Data shown –
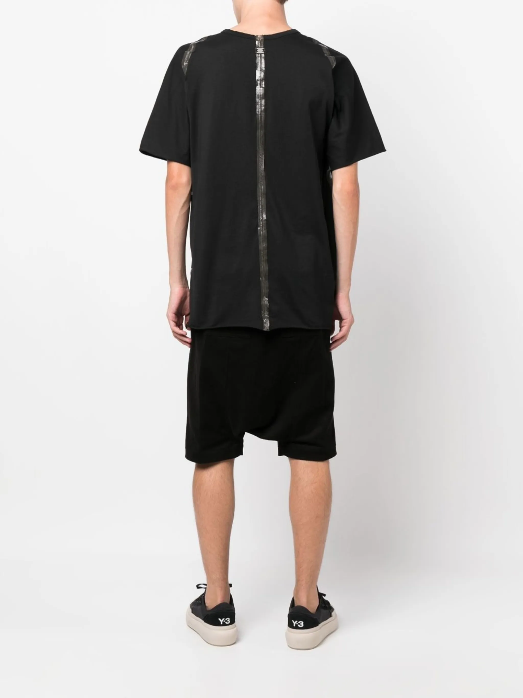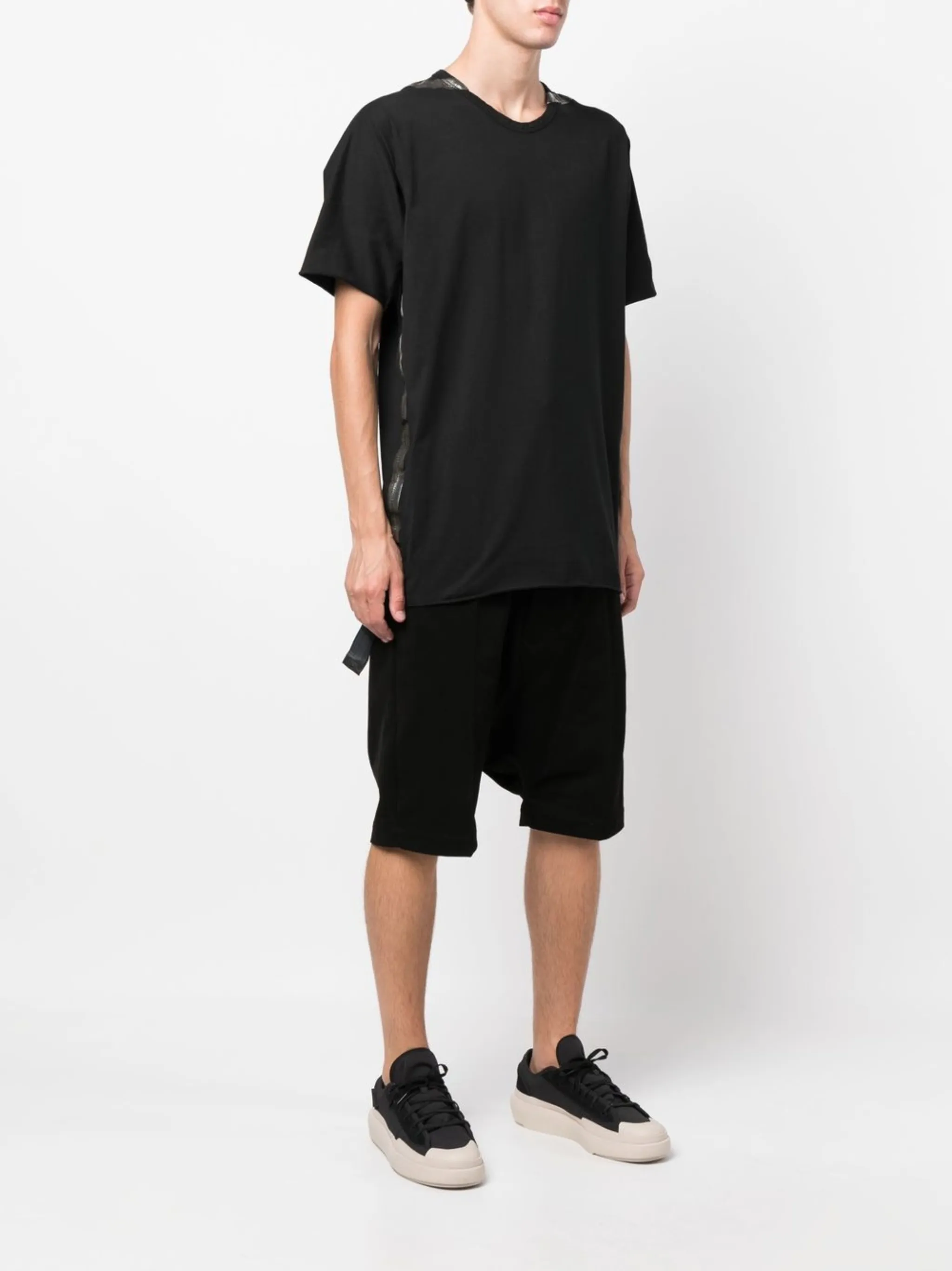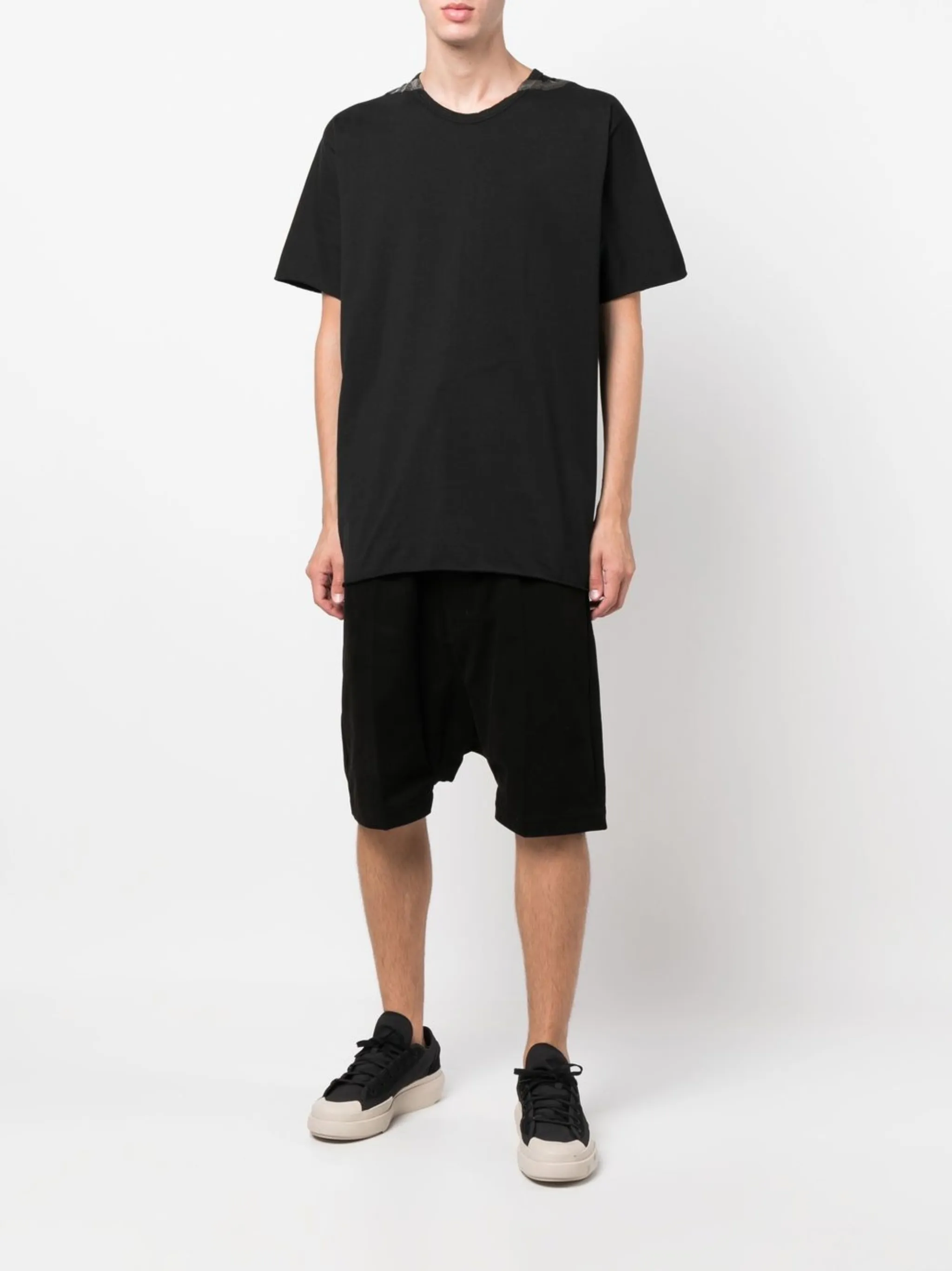 Черный, органический хлопок, швы, нашивка с логотипом сзади, круглый вырез, короткие рукава и прямой подол.
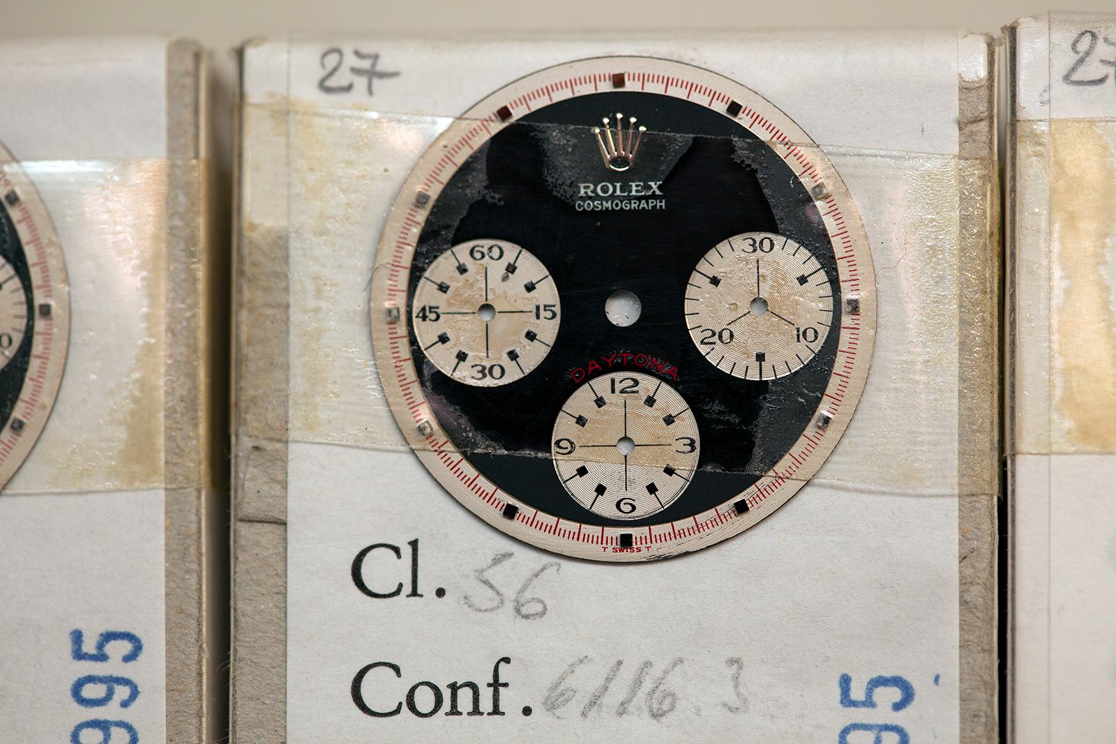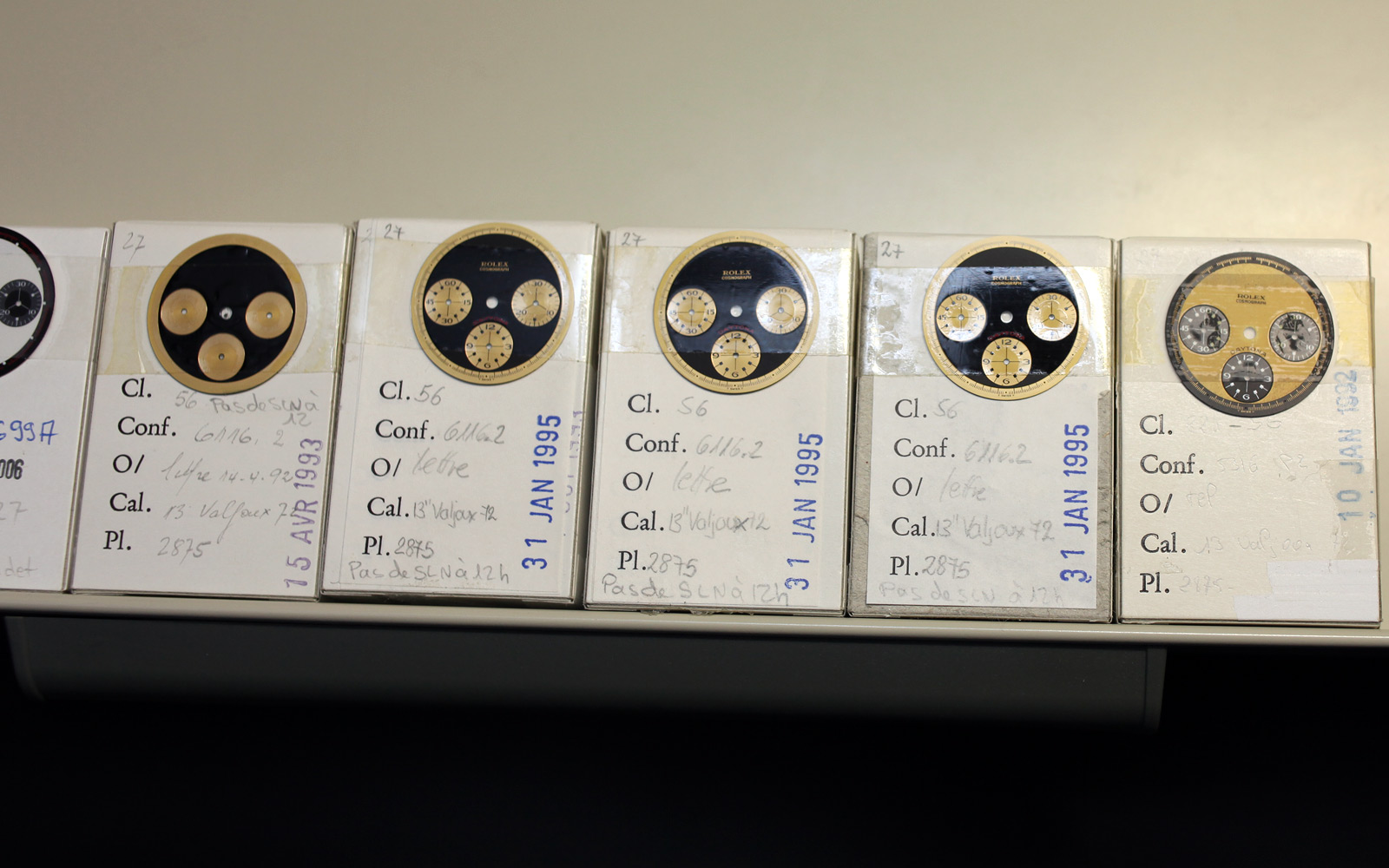 Let us go closer. Note the production dates on the boxes. Note also what is handwritten at the bottom of some of the labels. “Pas de SLN à 12h.” French for ‘no Super LumiNova at 12 o’clock.’ Interesting! ‘Paul Newman’ dials do not feature a luminous dot at 12 o’clock.
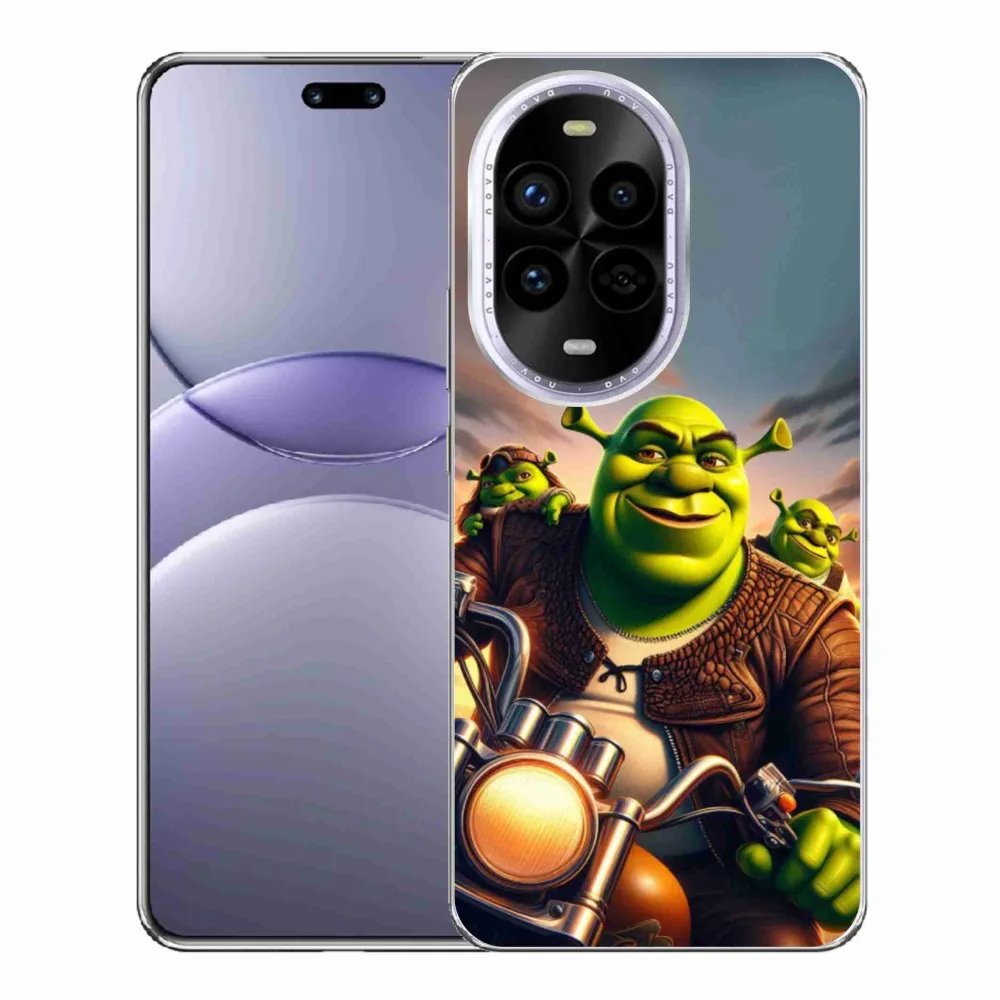 Rugalmas zselés tok mmCase a Huawei Nova 13 Pro 5G képével - Shrek egy motorkerékpáron
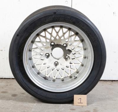 PORSCHE: A set of 15 inch racing wheels including two front MAHLE-BBS 290 0884 8Jx15 H2 e=10 1.6 rims without tyres along with two rear BBS style wheels fitted with Dunlop Racing tyres 305/575-15 - Chrome lips and white painted centres, possibly suited to a Porsche 911.
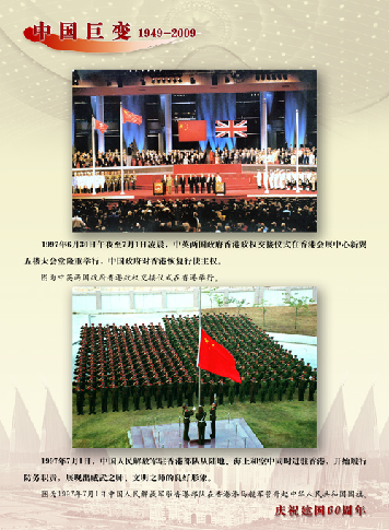 60載風雨歷程,60載壯麗詩篇。新中國成立以來,中國共產黨領導和團結海內外中華兒女,以創造性的大戰略,推動祖國統一進程邁出歷史性的大步伐:香港、澳門順利回歸,中華民族洗刷百年屈辱,“一國兩制”偉大構想成功實踐;兩岸關系從隔絕、對峙走向交流、對話,排除各種艱難險阻,掀開和平發展的歷史新頁……

Assigned task –
Take the line containing "Rugalmas zselés tok" as the first line and the last line of the data above as the final one, and output exactly the lines between them, inclusive, with no pictures.

Result of the exercise –
 Rugalmas zselés tok mmCase a Huawei Nova 13 Pro 5G képével - Shrek egy motorkerékpáron
 PORSCHE: A set of 15 inch racing wheels including two front MAHLE-BBS 290 0884 8Jx15 H2 e=10 1.6 rims without tyres along with two rear BBS style wheels fitted with Dunlop Racing tyres 305/575-15 - Chrome lips and white painted centres, possibly suited to a Porsche 911.
 60載風雨歷程,60載壯麗詩篇。新中國成立以來,中國共產黨領導和團結海內外中華兒女,以創造性的大戰略,推動祖國統一進程邁出歷史性的大步伐:香港、澳門順利回歸,中華民族洗刷百年屈辱,“一國兩制”偉大構想成功實踐;兩岸關系從隔絕、對峙走向交流、對話,排除各種艱難險阻,掀開和平發展的歷史新頁……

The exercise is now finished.